Immunologische Mechanismen des stark erhöhten Multiple Sklerose-Risikos nach einer Epstein-Barr-Virus-Infektion

Autor: Professor Dr. med. Ralf Gold: Vorsitzender im Ärztlichen Beirat des DMSG-Bundesverbandes, Direktor der Neurologischen Klinik, St. Josef Hospital, Kliniken der Ruhruniversität Bochum. DMSG-Bundesverband, Johannes Kirchherr.
Autor: Professor Dr. med. Ralf Linker: Stellvertretender Vorsitzender im Ärztlichen Beirat des DMSG-Bundesverbandes, Neurologische Universitätsklinik Regensburg. Bildquelle: DMSG-Bundesverband, Johannes Kirchherr.

Stellungnahme aus dem Ärztlichen Beirat der Deutschen Multiple Sklerose Gesellschaft, Bundesverband e.V.

Mit dem aufsehenerregenden Beitrag über ihre Studie an 10 Millionen regelmäßig untersuchten US-amerikanischen Armeeangehörigen in der Zeitschrift „Science“, der DMSG-Bundesverband berichtete, hat die Arbeitsgruppe um Professor Alberto Ascherio von der Harvard Universität Cambridge gezeigt, dass eine neu aufgetretene Infektion mit dem Epstein-Barr-Virus (EBV) im jungen Erwachsenenalter zu einem über 30-fachen Anstieg des MS-Erkrankungsrisikos führt. Dies ist das mehr als zehnfache des bisher stärksten bekannten Risikogens: der Assoziation zu den körpereigenen Immunmolekülen (HLA-DR15:01).
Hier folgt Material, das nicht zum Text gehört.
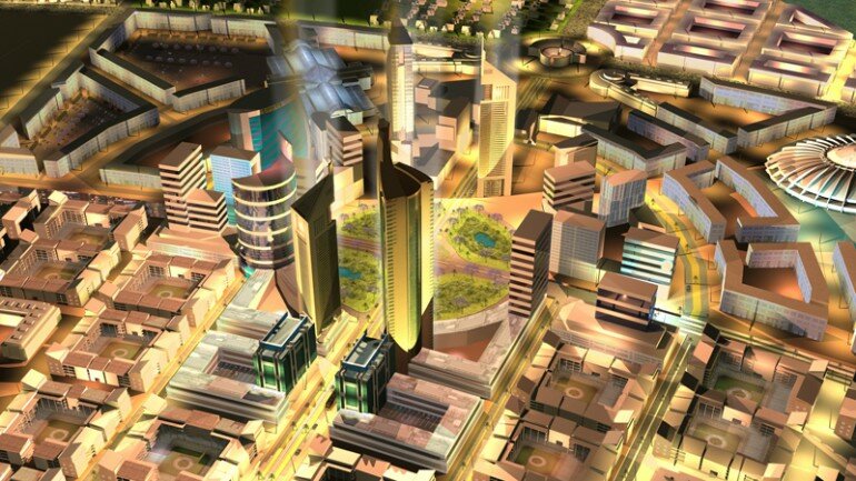 Сеть дорог веером в радиальном направлении от центра условного круга, с центрального делового района (в комплекте с районной больницей), расположенной в центре развития. Около 35.000 домов будут разбросаны по городу, в то время как научный парк и два технопарка будут созданы на севере и на юге. Там будет ряд зеленых насаждений, в том числе коридоров вдоль охраняемых сезонных рек. Школы, университеты, гостиницы, мечети и церкви также планируется.

Nun stellt sich die Frage, auf welchen Immunmechanismen diese Risikoerhöhung beruht

Fast zeitgleich erschien in der Zeitschrift „Nature“ der Artikel aus der Stanford University School of Medicine, Kalifornien, von den Arbeitsgruppen um Professor Lawrence Steinman und Dr. Bill Robinson, der sich mit den Immunmechanismen beschäftigt. Die grundlegende Erkenntnis dieser Forschergruppe ist, dass ein für die Virusfunktion unerlässlicher Transkriptionsfaktor EBNA1, der ein im Zellkern gelegenes nukleäres Antigen-1 von EBV exprimiert, eine sehr hohe molekulare Ähnlichkeit (Mimikry) der Eiweißstruktur mit dem im Gehirn vorkommenden Zellhaftungsprotein GlialCAM aufweist. Dies konnte von Strukturmechanismen auf die relevante Funktion am Lebenden, ergänzt durch moderne molekulare Techniken bis hin zum experimentellen Transfer gezeigt werden: Ein entsprechender Antikörper aus dem Nervenwasser wurde aus B-Lymphozyten, sowohl im Blut als auch im Nervenwasser von MS-Patienten, nachgewiesen, und dann auf einer Protein-Expressionsbibliothek entsprechend verifiziert. Schließlich konnte der Antikörper auch immunhistochemisch an Hirngewebsschnitten gebunden werden, wo sich zeigte, dass Eiweißveränderungen die Bindung an das GlialCAM-Protein noch weiter erhöht. Wenn man nun in das experimentelle Modell für die Multiple Sklerose, die experimentelle Encephalomyelitis EAE geht, konnte durch Immunisierung mit EBNA1 der Krankheitsverlauf deutlich verschlechtert werden. Dies ist eine klare Beweiskette, die zusätzlich die bereits veröffentlichten Daten aus der Ascherio-Arbeitsgruppe mechanistisch unterlegt.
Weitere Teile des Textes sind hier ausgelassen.